Before we dive into the details, we want to give a small remark about our analysis. From our discussions with Austin Rochford, who is a big fan of the Philadelphia 76ers, we learn that the relationship between salaries and positions should be correlative, not causal. One particular reason is that salaries are entirely not randomized as they depend on past performances. We are thankful to Austin for his expertise feedback on our results.
Part 1: Bayesian supersedes the t-Test
As we explained in the first part, classical t-Test has several drawbacks, especially from a business perspective. To overcome these issues, in 2013, John Kruschke at Indiana University invented a new procedure for A/B testing from a Bayesian perspective.
As we explained in the first part, classical t-Test has several drawbacks, especially from a business perspective.

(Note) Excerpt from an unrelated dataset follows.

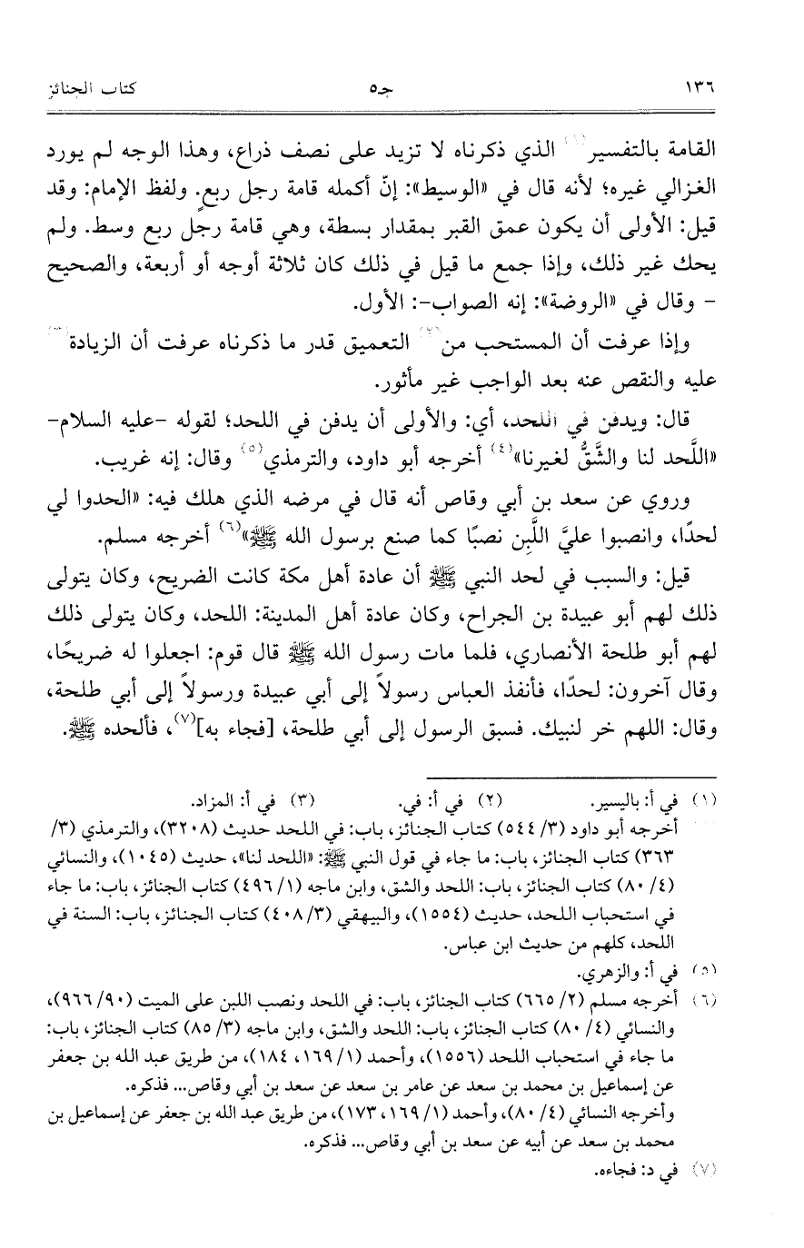 القامة بالتفسير الذي ذكرناه لا تزيد على نصف ذراع، وهذا الوجه لم يورد الغزالي غيره؛ لأنه قال في "الوسيط": إن أكمله قامة رجل ربع. ولفظ الإمام: وقد قيل: الأولى أن يكون عمق القبر بمقدار بسطة، وهي قامة رجل ربع وسط. ولم يحك غير ذلك، وإذا جمع ما قيل في ذلك كان ثلاثة أوجه أو أربعة، والصحيح- وقال في "الروضة": إنه الصواب-: الأول.

To overcome these issues, in 2013, John Kruschke at Indiana University invented a new procedure for A/B testing from a Bayesian perspective.
In this procedure, the data are described by a Student-t distribution. This choice is arguably more informative than using a normal distribution because it can represent distributions with a tail, which is true in our case.
We need three parameters to describe a Student-t distribution: the mean μ, the standard deviation σ, and the degree of freedom ν. Kruschke used the following prior distributions for these parameters.
- μ follows a normal distribution.
- σ follows a uniform distribution
- ν follows a shifted exponential distribution.
Note that the ν-parameter controls the normality of the data: when ν>30, the Student t distribution is close to a normal distribution. However, if ν is small, Student t-distributions have a heavy tail. This is why we choose the parameter 1/29 in the prior distribution of ν: it is a "cut-off" for normality.
The following graphical representation summarizes the above description.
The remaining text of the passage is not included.